[[ Information shown open ]]
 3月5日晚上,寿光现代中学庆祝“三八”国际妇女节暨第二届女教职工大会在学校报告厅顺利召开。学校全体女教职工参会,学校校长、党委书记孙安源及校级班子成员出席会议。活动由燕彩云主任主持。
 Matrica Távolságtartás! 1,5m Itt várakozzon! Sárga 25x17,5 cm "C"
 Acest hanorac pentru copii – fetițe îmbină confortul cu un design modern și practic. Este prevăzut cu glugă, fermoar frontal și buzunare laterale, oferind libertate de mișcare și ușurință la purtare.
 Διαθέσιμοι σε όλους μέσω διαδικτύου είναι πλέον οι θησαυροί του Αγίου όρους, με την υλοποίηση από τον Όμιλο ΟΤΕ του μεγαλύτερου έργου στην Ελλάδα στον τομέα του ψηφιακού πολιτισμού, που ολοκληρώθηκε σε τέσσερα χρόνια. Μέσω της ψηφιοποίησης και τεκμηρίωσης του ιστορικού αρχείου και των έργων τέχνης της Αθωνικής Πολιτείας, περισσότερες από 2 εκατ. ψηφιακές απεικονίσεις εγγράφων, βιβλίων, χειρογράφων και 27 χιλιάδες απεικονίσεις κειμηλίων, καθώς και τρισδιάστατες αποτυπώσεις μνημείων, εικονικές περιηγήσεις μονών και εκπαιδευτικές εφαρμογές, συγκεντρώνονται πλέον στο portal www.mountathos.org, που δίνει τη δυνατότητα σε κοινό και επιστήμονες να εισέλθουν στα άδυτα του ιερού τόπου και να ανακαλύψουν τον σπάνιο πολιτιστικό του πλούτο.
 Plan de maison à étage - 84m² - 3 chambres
[[ Information shown closed ]]
[[ Information shown open ]]
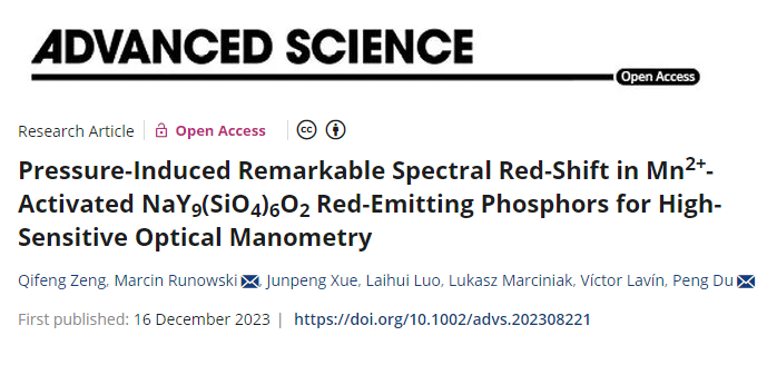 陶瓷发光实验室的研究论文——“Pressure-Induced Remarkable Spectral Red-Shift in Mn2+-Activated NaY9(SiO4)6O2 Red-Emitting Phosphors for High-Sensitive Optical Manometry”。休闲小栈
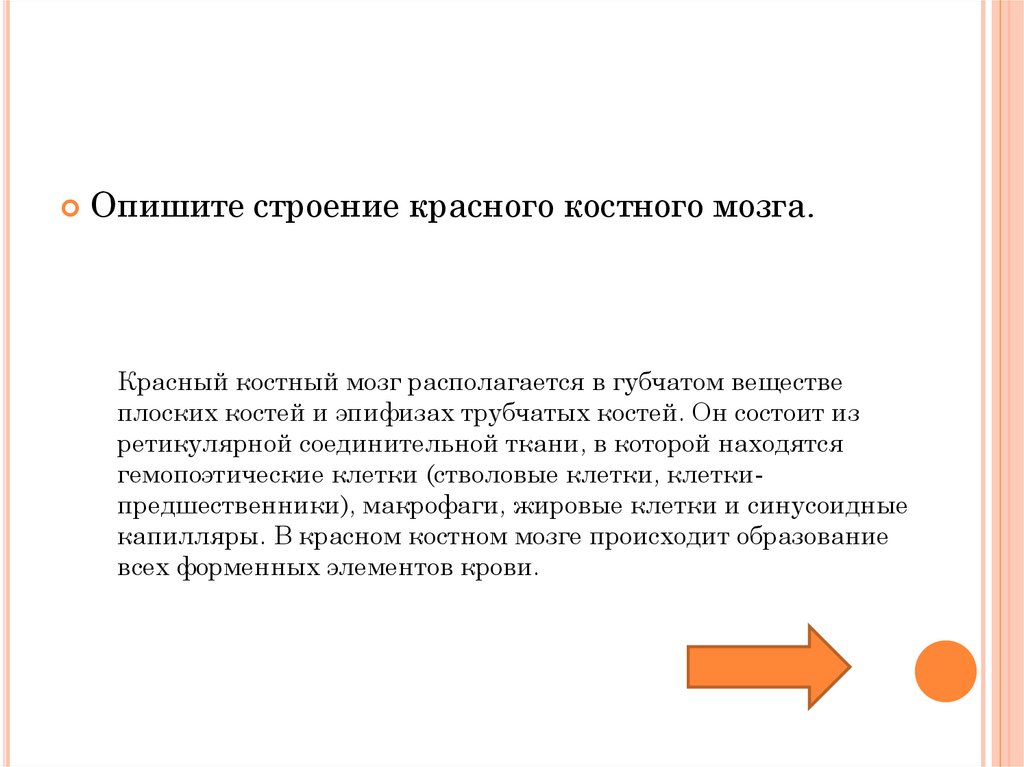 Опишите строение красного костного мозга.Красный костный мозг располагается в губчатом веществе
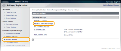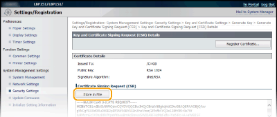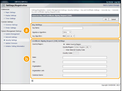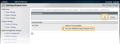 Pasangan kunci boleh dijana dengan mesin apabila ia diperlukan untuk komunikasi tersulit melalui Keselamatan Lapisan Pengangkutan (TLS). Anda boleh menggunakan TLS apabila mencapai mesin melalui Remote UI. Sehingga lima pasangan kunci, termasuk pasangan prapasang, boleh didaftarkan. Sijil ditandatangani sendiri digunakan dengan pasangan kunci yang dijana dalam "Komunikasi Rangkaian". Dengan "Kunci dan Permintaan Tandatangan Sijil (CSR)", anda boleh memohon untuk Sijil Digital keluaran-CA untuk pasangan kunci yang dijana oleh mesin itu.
[[ Information shown closed ]]
■ **What is required**:
In the records above, copy exactly everything from the line that has "Remarkable Spectral Red-Shift" down to the line that has "Опишите строение красного", both ends included, and leave out the pictures.

■ **Written answer**:
 陶瓷发光实验室的研究论文——“Pressure-Induced Remarkable Spectral Red-Shift in Mn2+-Activated NaY9(SiO4)6O2 Red-Emitting Phosphors for High-Sensitive Optical Manometry”。休闲小栈
 Опишите строение красного костного мозга.Красный костный мозг располагается в губчатом веществе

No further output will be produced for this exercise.